Answer 1
I like to look at it this way. An Italian can move to Germany go through a process and officially become German. Germans who moved to America are still German.
And the same goes for Jews, if you descended from a Jew, you are a Jew. If you convert to Judaism, you are a Jew. Look at the Jewish nationality like a country with the borders being Judaism, rather than physical borders. When you convert you become a "citizen" of this culture. Yes, there is still a "Jewish ethnicity" and a non-Jew can never ethnically become a Jew. Just like an Italian could never ethnically become German. But a non-Jew can become Jewish by nationality.
Answer 2
If you mean without converting, some non-religious Jews might answer yes; you could move to Israel, or live among Jews or simply keep Jewish customs and practices. The religious answer is that you need to convert with a valid conversion, which includes (among other things) the intent to live as a Jew.
Answer 3
No.
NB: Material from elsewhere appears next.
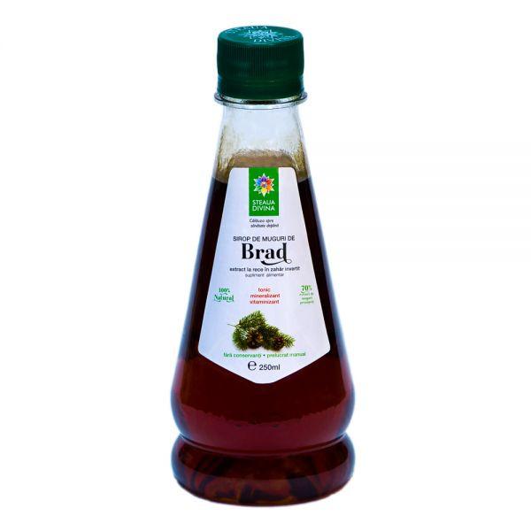 Mugurii de Brad conțin cantități mari de uleiuri eterice, vitamina C, contribuind la efectul de crestere a rezistentei la imbolnavire, elemente minerale (săruri de potasiu, calciu, fosfor, sodiu) și taninuri. Acest sirop este un excelent tonic hrănitor, mineralizant si vitaminizant și are proprietati antiseptice, antitusive si tonice asupra plamanilor si cailor respiratorii. De asemenea au un efect diuretic bland si ajuta in cazul infectiilor urinare recidivante sau al litiazei urinare. Actiuni : Astringent, cicatrizant, antibiotic, stimuleaza secretiile fiind folosit ca expectorant. Calmeaza durerile, are efect racoritor, revulsiv, cicatrizant, repermeabilizant vascular, vitaminizat, diuretic, antireumatic. Indicatii : Se recomanda ca adjuvant in: raceli, tuse, faringite, bronsite, infectii urinare si respiratorii repetate, astenie, oboseala, stari de stres, lipsa poftei de mancare. Ingrediente: extract la rece din muguri proaspeți de Brad ( Abies alba ) – 70%, zahăr invertit, apă deionizată. Mod de utilizare: câte 3 lingurițe de sirop la un pahar cu apă de 3 ori pe zi sau la recomandarea consultantului de specialitate. În timpul utilizării produsului este necesar consumul sporit de lichide! Precauţii la utilizare: nu sunt, la dozele recomandate. Contraindicaţii : diabet zaharat, alergie la oricare dintre componente. Reacţii adverse: nu s-au semnalat. Dacă apar manifestări neplăcute, adresaţi-vă medicului sau farmacistului. Interacţiuni medicamentoase: nu se cunosc Produsul nu conține ingrediente cu potențial alergenic . UZ INTERN Produsul este un supliment alimentar şi nu trebuie să înlocuiască o dietă variată şi echilibrată şi un mod de viaţă sănătos. Produsul poate conține particule în suspensie care nu reprezintă defecte de calitate. A se agita înainte de utilizare. A se păstra la temperatura camerei, ferit de lumină. A nu se depăşi doza recomandată pentru consumul zilnic. A nu se lăsa la îndemâna şi la vederea copiilor mici. A se consuma de preferinţă înainte de sfârșitul: vezi pe ambalaj.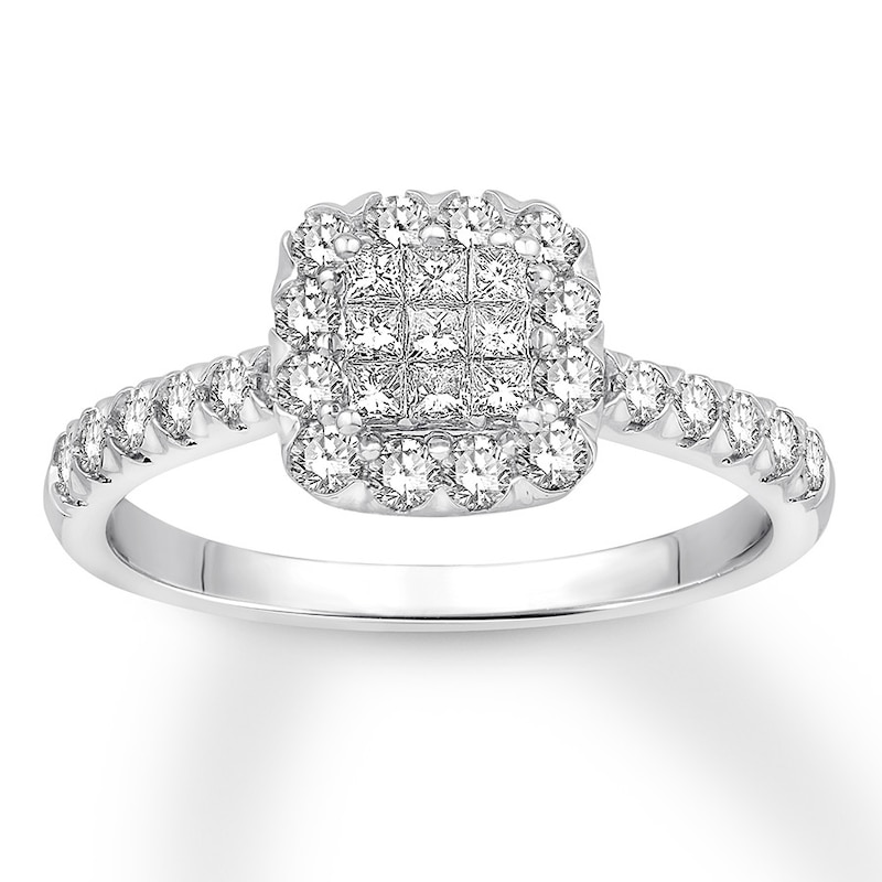 Diamond Engagement Ring 3/4 ct tw Princess-cut White Gold Plated

A person who is born a non-Jew cannot become exclusively a "Jew by nationality." That person needs to become a Jew in the religious sense in order to embrace the nationhood-aspect of Judaism.
Contrary to the analysis provided in Answer 1, while Israel is the Jewish State, Israeli citizens are Israelis, not necessarily Jews. Conversion to Judaism is a religious process, not a citizenship-like process (which exists in Israel for Israeli citizenship).